Starting at the line that contains "Platinum (PL) monthly Elliott Wave chart" and stopping after the line that contains "Смеситель / шланг |", transcribe the listing below exactly; do not include any pictures.

● DATA:
===============

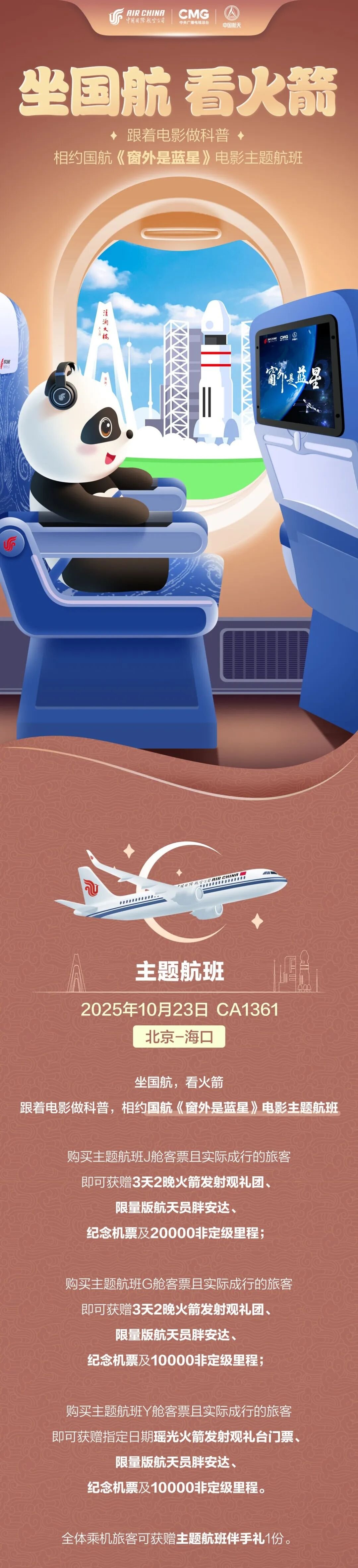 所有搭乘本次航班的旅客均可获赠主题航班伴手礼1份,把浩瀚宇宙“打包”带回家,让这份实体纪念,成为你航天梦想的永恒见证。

===============

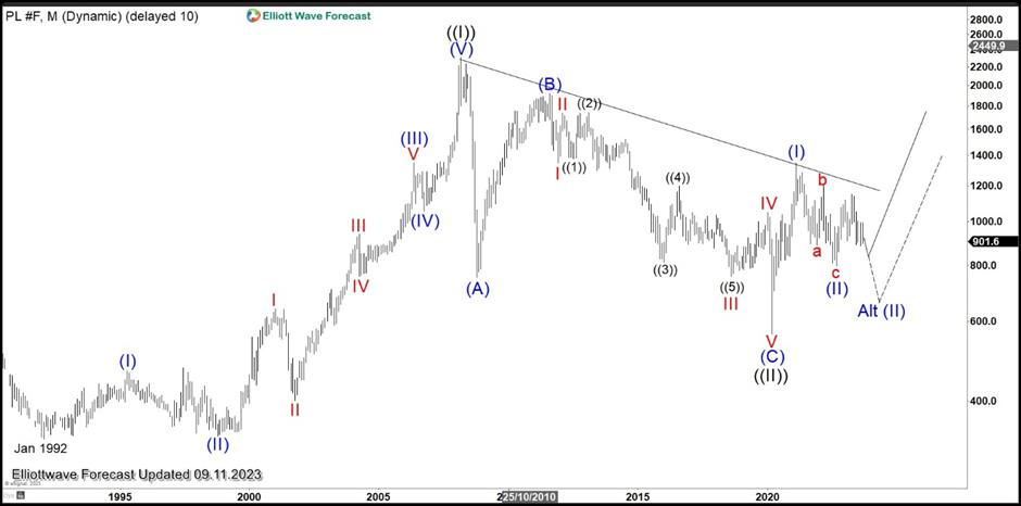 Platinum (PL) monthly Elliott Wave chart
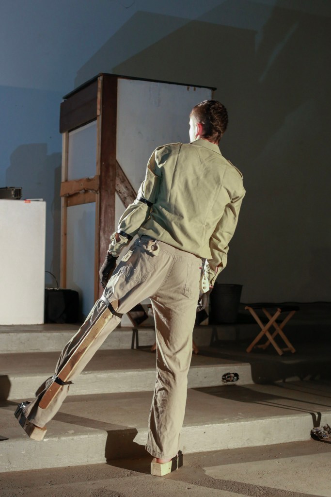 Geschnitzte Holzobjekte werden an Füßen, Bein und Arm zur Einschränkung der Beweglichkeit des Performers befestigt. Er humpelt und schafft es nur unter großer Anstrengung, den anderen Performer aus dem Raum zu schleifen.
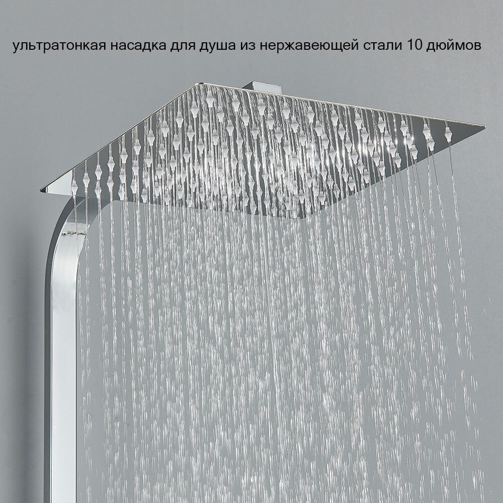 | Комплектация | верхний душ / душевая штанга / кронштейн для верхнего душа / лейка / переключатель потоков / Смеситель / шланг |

===============

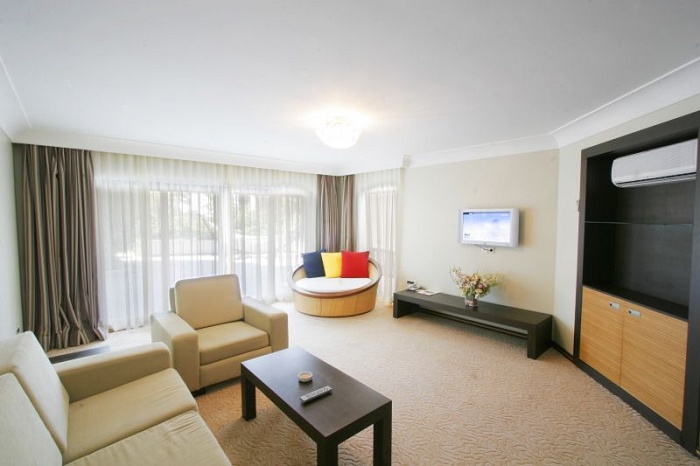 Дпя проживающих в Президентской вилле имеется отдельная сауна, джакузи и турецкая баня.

===============

● SOLUTION TO THIS TASK:
 Platinum (PL) monthly Elliott Wave chart
 Geschnitzte Holzobjekte werden an Füßen, Bein und Arm zur Einschränkung der Beweglichkeit des Performers befestigt. Er humpelt und schafft es nur unter großer Anstrengung, den anderen Performer aus dem Raum zu schleifen.
 | Комплектация | верхний душ / душевая штанга / кронштейн для верхнего душа / лейка / переключатель потоков / Смеситель / шланг |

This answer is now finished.